After improving the model structure, the validation accuracy increased, demonstrating the effectiveness of architectural refinement.

## Optimized Model (Final Version)

In the final version of the model, based on the current model, we have carried out the following optimization:
1. Data Augmentation Strategy Updated: Applied augmentation only to training data, keeping test data unchanged to improve generalization.

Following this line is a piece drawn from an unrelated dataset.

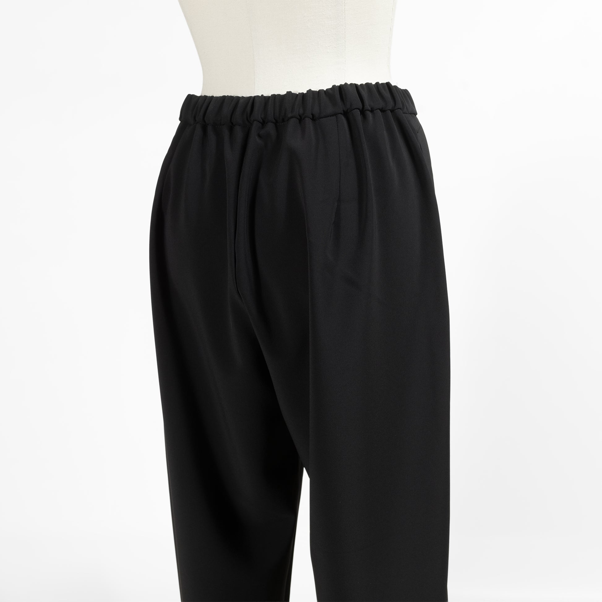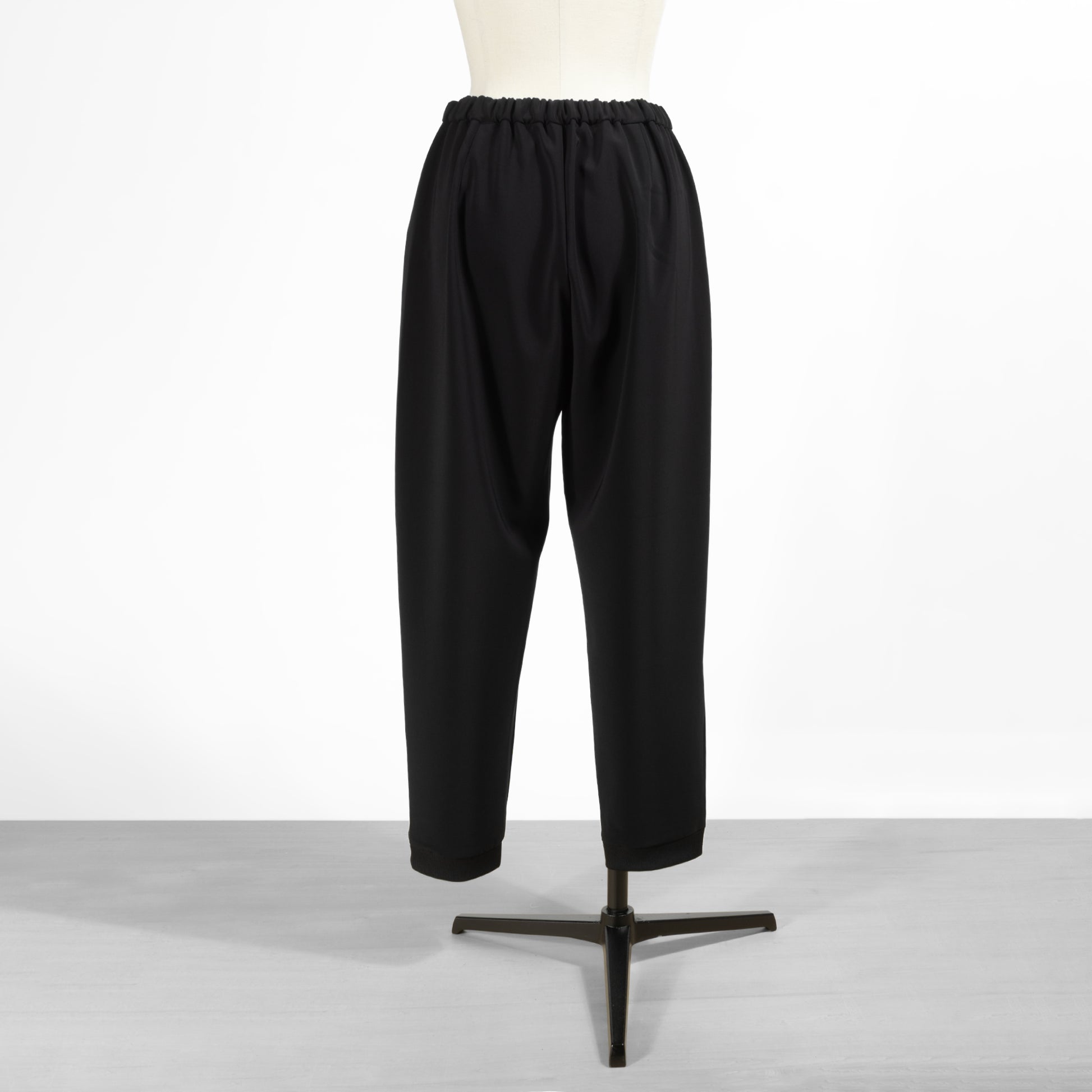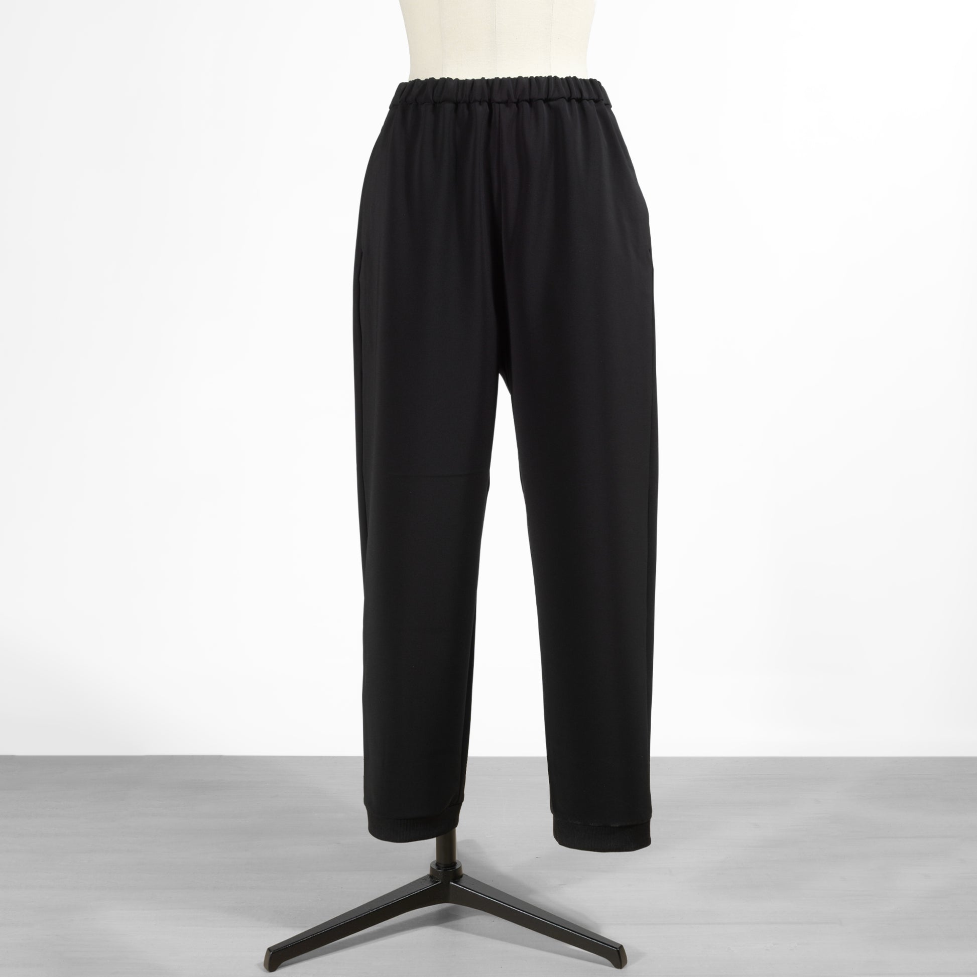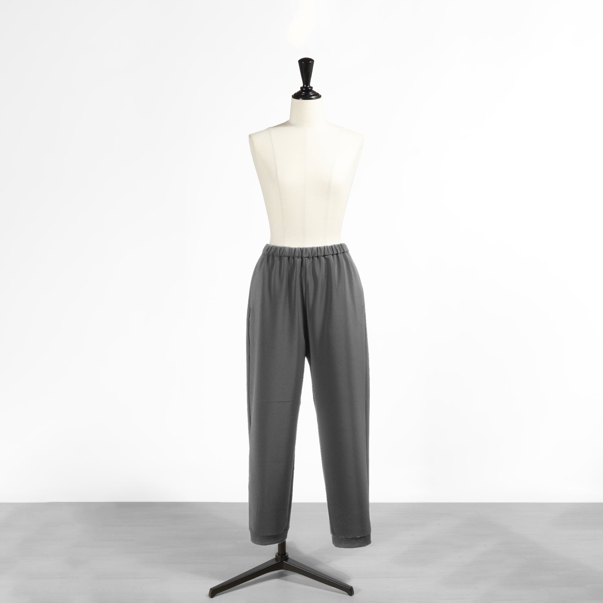 ほんのりテーパードを効かせた綺麗なシルエットが魅力的で、ウエストゴムのイージーパンツながらカジュアルになりすぎないのが使いやすいポイント

2. Optimizer Change: Switched from AdamW to RAdam, with learning rate reduced from 0.003 → 0.001 and weight decay increased from 5e-5 → 1e-4 for better convergence.
3. Learning Rate Scheduler Adjustment: Replaced CosineAnnealingLR with ReduceLROnPlateau to dynamically adjust learning rate based on validation performance.
4. Enhanced Data Augmentation: Switched from manually defined augmentations (RandomCrop, ColorJitter, RandomAffine) to RandAugment, allowing automated augmentation selection.
5. Increased Training Epochs: Raised from 50 → 150 for better learning stability and improved accuracy.\
\
The process of final model is implemented in 'main.ipynb', and the verification accuracy exceeded **90%**.